In full and word for word, copy the records that follow.

※

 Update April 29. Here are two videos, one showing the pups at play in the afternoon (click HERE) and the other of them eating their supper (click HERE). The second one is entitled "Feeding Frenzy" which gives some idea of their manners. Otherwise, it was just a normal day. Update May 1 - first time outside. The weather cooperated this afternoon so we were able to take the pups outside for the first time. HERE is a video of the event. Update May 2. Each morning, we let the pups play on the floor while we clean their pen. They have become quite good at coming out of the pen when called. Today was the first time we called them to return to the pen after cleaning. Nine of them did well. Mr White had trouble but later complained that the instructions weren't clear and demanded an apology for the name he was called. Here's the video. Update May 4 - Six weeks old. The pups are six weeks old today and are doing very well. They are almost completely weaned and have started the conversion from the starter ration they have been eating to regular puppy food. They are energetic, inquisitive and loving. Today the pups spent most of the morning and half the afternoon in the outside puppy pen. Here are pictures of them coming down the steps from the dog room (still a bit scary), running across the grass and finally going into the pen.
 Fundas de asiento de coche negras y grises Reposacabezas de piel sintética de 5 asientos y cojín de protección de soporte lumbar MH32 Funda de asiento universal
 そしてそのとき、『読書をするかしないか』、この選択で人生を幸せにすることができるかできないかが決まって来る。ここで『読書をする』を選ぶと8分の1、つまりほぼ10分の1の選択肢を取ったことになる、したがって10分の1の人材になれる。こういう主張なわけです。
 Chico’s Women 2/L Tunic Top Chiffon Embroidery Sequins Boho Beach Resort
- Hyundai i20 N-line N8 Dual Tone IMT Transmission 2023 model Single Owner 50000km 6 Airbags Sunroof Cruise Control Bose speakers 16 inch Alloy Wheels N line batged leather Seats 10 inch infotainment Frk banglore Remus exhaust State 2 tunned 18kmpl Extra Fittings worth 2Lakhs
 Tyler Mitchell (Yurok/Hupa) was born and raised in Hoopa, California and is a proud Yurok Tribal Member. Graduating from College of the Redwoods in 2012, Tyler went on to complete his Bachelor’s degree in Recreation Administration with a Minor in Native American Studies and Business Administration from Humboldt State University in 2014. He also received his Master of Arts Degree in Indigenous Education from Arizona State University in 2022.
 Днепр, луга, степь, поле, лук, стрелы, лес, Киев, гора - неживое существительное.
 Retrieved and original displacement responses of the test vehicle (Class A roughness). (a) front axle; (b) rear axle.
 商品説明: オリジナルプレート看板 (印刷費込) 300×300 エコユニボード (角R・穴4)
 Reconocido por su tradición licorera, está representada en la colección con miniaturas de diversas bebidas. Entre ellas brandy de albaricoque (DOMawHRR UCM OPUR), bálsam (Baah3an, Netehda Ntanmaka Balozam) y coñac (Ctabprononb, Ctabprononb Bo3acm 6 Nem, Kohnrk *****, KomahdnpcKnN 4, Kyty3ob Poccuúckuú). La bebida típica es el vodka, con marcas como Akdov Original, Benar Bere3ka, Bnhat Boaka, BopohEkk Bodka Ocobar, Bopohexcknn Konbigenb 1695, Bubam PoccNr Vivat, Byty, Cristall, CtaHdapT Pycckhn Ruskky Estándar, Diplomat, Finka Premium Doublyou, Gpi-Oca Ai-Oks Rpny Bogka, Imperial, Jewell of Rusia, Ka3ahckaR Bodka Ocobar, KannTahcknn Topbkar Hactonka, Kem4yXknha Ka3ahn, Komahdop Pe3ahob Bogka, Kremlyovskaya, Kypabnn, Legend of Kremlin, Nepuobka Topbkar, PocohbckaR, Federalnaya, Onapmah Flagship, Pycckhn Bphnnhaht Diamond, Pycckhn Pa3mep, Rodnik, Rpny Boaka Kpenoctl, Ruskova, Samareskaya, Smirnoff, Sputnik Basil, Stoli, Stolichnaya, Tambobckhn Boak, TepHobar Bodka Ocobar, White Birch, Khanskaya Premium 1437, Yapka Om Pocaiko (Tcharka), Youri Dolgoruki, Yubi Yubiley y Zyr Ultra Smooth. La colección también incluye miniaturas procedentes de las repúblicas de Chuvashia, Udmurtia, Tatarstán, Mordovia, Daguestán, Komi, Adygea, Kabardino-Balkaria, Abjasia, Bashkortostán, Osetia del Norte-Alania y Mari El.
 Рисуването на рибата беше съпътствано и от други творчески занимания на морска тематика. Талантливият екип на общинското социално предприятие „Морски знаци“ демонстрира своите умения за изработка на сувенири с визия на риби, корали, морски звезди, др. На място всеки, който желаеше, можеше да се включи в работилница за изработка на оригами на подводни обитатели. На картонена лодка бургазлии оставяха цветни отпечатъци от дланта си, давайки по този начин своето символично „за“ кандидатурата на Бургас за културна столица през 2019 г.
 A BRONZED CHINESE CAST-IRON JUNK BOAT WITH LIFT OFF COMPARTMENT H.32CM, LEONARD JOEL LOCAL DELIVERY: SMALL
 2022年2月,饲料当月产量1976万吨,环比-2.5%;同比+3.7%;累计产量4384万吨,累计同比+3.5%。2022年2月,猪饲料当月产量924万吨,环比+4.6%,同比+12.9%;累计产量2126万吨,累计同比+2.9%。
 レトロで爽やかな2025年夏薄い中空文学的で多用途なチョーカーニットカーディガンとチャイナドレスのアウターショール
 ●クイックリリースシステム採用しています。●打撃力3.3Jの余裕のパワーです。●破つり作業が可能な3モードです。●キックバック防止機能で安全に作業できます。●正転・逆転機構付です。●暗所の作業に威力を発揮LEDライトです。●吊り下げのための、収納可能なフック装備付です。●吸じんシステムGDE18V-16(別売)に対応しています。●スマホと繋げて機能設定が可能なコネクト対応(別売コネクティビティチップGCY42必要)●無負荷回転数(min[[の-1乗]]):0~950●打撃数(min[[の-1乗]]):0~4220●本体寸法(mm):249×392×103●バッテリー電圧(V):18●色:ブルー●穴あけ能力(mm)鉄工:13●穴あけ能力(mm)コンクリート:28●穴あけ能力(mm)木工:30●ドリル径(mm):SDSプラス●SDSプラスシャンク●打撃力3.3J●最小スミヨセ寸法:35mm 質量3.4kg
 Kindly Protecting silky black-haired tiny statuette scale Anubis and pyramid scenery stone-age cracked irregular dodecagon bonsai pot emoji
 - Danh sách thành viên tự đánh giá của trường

※

ANSWER TO THE EXERCISE ▸
 Update April 29. Here are two videos, one showing the pups at play in the afternoon (click HERE) and the other of them eating their supper (click HERE). The second one is entitled "Feeding Frenzy" which gives some idea of their manners. Otherwise, it was just a normal day. Update May 1 - first time outside. The weather cooperated this afternoon so we were able to take the pups outside for the first time. HERE is a video of the event. Update May 2. Each morning, we let the pups play on the floor while we clean their pen. They have become quite good at coming out of the pen when called. Today was the first time we called them to return to the pen after cleaning. Nine of them did well. Mr White had trouble but later complained that the instructions weren't clear and demanded an apology for the name he was called. Here's the video. Update May 4 - Six weeks old. The pups are six weeks old today and are doing very well. They are almost completely weaned and have started the conversion from the starter ration they have been eating to regular puppy food. They are energetic, inquisitive and loving. Today the pups spent most of the morning and half the afternoon in the outside puppy pen. Here are pictures of them coming down the steps from the dog room (still a bit scary), running across the grass and finally going into the pen.
 Fundas de asiento de coche negras y grises Reposacabezas de piel sintética de 5 asientos y cojín de protección de soporte lumbar MH32 Funda de asiento universal
 そしてそのとき、『読書をするかしないか』、この選択で人生を幸せにすることができるかできないかが決まって来る。ここで『読書をする』を選ぶと8分の1、つまりほぼ10分の1の選択肢を取ったことになる、したがって10分の1の人材になれる。こういう主張なわけです。
 Chico’s Women 2/L Tunic Top Chiffon Embroidery Sequins Boho Beach Resort
- Hyundai i20 N-line N8 Dual Tone IMT Transmission 2023 model Single Owner 50000km 6 Airbags Sunroof Cruise Control Bose speakers 16 inch Alloy Wheels N line batged leather Seats 10 inch infotainment Frk banglore Remus exhaust State 2 tunned 18kmpl Extra Fittings worth 2Lakhs
 Tyler Mitchell (Yurok/Hupa) was born and raised in Hoopa, California and is a proud Yurok Tribal Member. Graduating from College of the Redwoods in 2012, Tyler went on to complete his Bachelor’s degree in Recreation Administration with a Minor in Native American Studies and Business Administration from Humboldt State University in 2014. He also received his Master of Arts Degree in Indigenous Education from Arizona State University in 2022.
 Днепр, луга, степь, поле, лук, стрелы, лес, Киев, гора - неживое существительное.
 Retrieved and original displacement responses of the test vehicle (Class A roughness). (a) front axle; (b) rear axle.
 商品説明: オリジナルプレート看板 (印刷費込) 300×300 エコユニボード (角R・穴4)
 Reconocido por su tradición licorera, está representada en la colección con miniaturas de diversas bebidas. Entre ellas brandy de albaricoque (DOMawHRR UCM OPUR), bálsam (Baah3an, Netehda Ntanmaka Balozam) y coñac (Ctabprononb, Ctabprononb Bo3acm 6 Nem, Kohnrk *****, KomahdnpcKnN 4, Kyty3ob Poccuúckuú). La bebida típica es el vodka, con marcas como Akdov Original, Benar Bere3ka, Bnhat Boaka, BopohEkk Bodka Ocobar, Bopohexcknn Konbigenb 1695, Bubam PoccNr Vivat, Byty, Cristall, CtaHdapT Pycckhn Ruskky Estándar, Diplomat, Finka Premium Doublyou, Gpi-Oca Ai-Oks Rpny Bogka, Imperial, Jewell of Rusia, Ka3ahckaR Bodka Ocobar, KannTahcknn Topbkar Hactonka, Kem4yXknha Ka3ahn, Komahdop Pe3ahob Bogka, Kremlyovskaya, Kypabnn, Legend of Kremlin, Nepuobka Topbkar, PocohbckaR, Federalnaya, Onapmah Flagship, Pycckhn Bphnnhaht Diamond, Pycckhn Pa3mep, Rodnik, Rpny Boaka Kpenoctl, Ruskova, Samareskaya, Smirnoff, Sputnik Basil, Stoli, Stolichnaya, Tambobckhn Boak, TepHobar Bodka Ocobar, White Birch, Khanskaya Premium 1437, Yapka Om Pocaiko (Tcharka), Youri Dolgoruki, Yubi Yubiley y Zyr Ultra Smooth. La colección también incluye miniaturas procedentes de las repúblicas de Chuvashia, Udmurtia, Tatarstán, Mordovia, Daguestán, Komi, Adygea, Kabardino-Balkaria, Abjasia, Bashkortostán, Osetia del Norte-Alania y Mari El.
 Рисуването на рибата беше съпътствано и от други творчески занимания на морска тематика. Талантливият екип на общинското социално предприятие „Морски знаци“ демонстрира своите умения за изработка на сувенири с визия на риби, корали, морски звезди, др. На място всеки, който желаеше, можеше да се включи в работилница за изработка на оригами на подводни обитатели. На картонена лодка бургазлии оставяха цветни отпечатъци от дланта си, давайки по този начин своето символично „за“ кандидатурата на Бургас за културна столица през 2019 г.
 A BRONZED CHINESE CAST-IRON JUNK BOAT WITH LIFT OFF COMPARTMENT H.32CM, LEONARD JOEL LOCAL DELIVERY: SMALL
 2022年2月,饲料当月产量1976万吨,环比-2.5%;同比+3.7%;累计产量4384万吨,累计同比+3.5%。2022年2月,猪饲料当月产量924万吨,环比+4.6%,同比+12.9%;累计产量2126万吨,累计同比+2.9%。
 レトロで爽やかな2025年夏薄い中空文学的で多用途なチョーカーニットカーディガンとチャイナドレスのアウターショール
 ●クイックリリースシステム採用しています。●打撃力3.3Jの余裕のパワーです。●破つり作業が可能な3モードです。●キックバック防止機能で安全に作業できます。●正転・逆転機構付です。●暗所の作業に威力を発揮LEDライトです。●吊り下げのための、収納可能なフック装備付です。●吸じんシステムGDE18V-16(別売)に対応しています。●スマホと繋げて機能設定が可能なコネクト対応(別売コネクティビティチップGCY42必要)●無負荷回転数(min[[の-1乗]]):0~950●打撃数(min[[の-1乗]]):0~4220●本体寸法(mm):249×392×103●バッテリー電圧(V):18●色:ブルー●穴あけ能力(mm)鉄工:13●穴あけ能力(mm)コンクリート:28●穴あけ能力(mm)木工:30●ドリル径(mm):SDSプラス●SDSプラスシャンク●打撃力3.3J●最小スミヨセ寸法:35mm 質量3.4kg
 Kindly Protecting silky black-haired tiny statuette scale Anubis and pyramid scenery stone-age cracked irregular dodecagon bonsai pot emoji
 - Danh sách thành viên tự đánh giá của trường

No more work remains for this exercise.